INFORMATION -
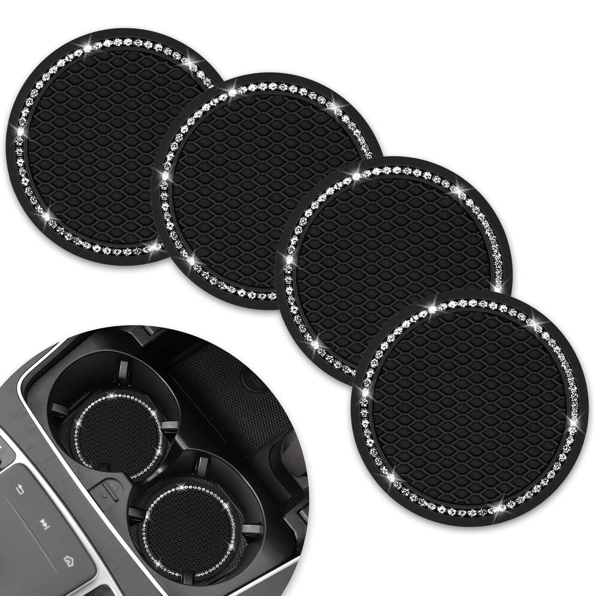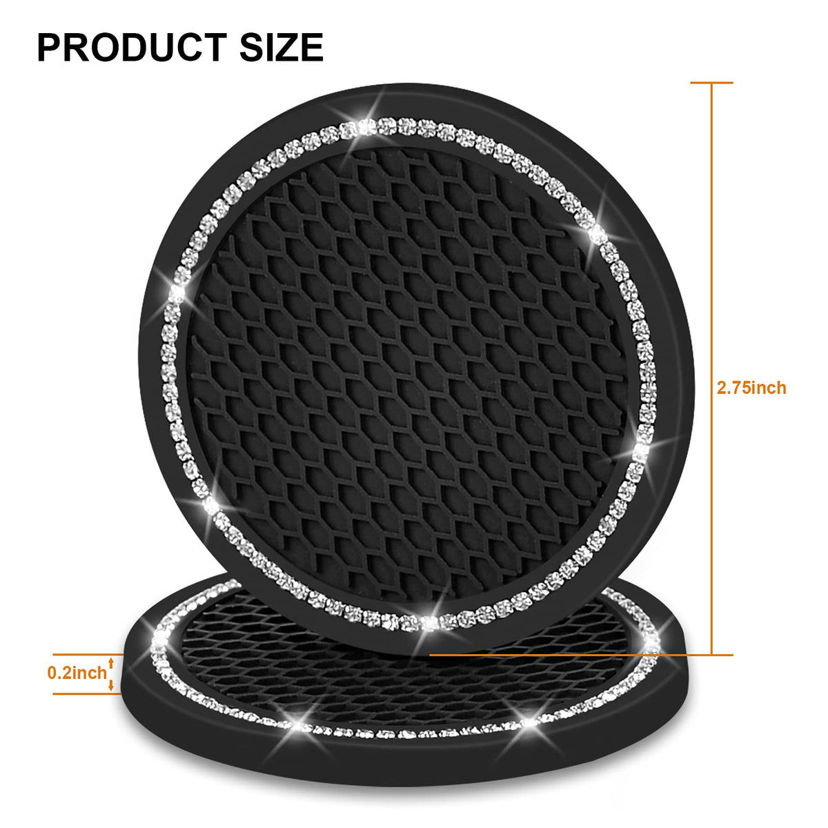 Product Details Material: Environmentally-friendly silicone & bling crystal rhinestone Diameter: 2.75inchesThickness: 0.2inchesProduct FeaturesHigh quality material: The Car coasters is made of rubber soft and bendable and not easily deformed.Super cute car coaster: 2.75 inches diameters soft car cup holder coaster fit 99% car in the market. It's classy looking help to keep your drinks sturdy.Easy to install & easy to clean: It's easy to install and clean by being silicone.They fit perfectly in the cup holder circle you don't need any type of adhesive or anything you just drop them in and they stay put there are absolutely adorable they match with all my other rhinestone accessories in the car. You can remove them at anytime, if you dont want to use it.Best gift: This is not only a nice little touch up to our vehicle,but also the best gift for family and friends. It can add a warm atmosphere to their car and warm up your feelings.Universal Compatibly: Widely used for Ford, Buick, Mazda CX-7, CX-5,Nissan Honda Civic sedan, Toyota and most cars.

---

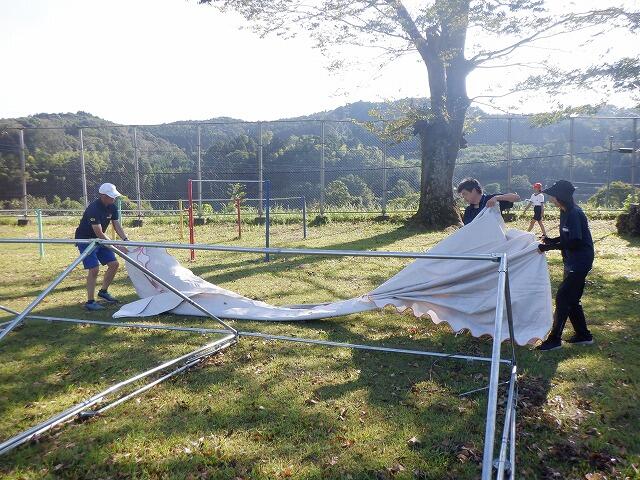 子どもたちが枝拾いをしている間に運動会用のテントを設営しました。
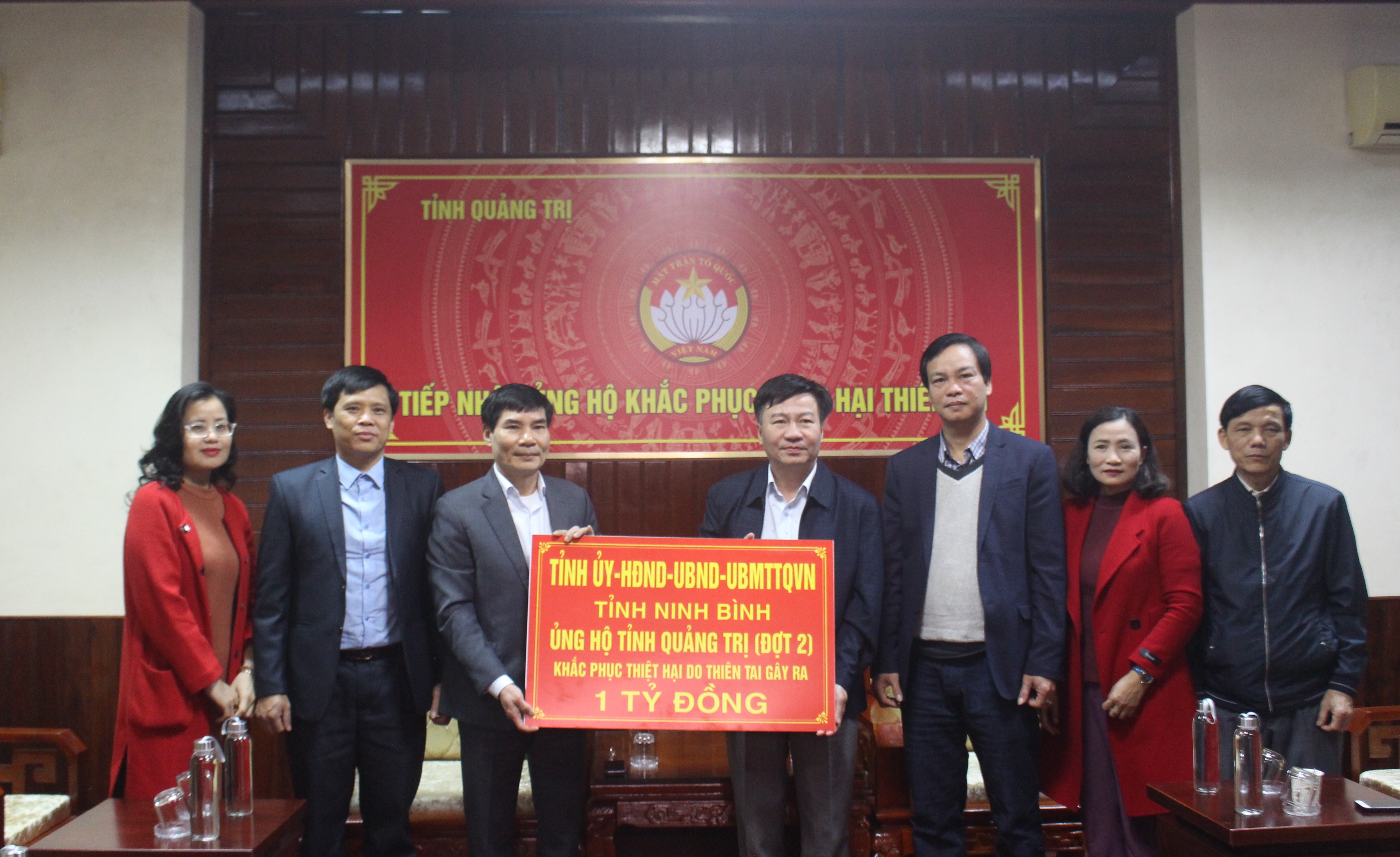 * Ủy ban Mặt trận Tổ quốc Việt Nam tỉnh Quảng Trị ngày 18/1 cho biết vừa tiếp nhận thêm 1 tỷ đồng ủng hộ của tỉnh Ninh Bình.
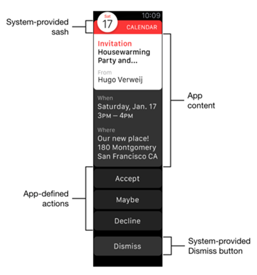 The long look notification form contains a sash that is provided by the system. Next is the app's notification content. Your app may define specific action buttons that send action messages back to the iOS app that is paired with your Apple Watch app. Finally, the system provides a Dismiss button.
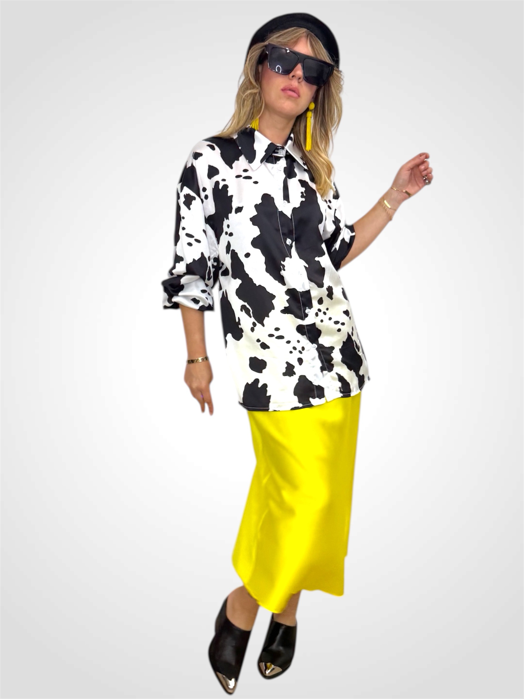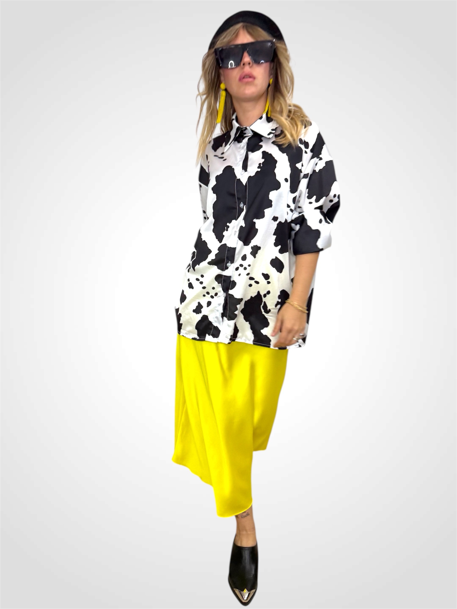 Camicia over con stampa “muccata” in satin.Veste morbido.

==

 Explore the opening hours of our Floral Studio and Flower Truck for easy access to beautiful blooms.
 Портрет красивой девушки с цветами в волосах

TRY IT -
Look back at the data above. Transcribe exactly the lines starting at the line that contains "Explore the opening" and ending at the line that contains "Портрет красивой девушки с цветами в волосах".

OUTPUT BELOW -
 Explore the opening hours of our Floral Studio and Flower Truck for easy access to beautiful blooms.
 Портрет красивой девушки с цветами в волосах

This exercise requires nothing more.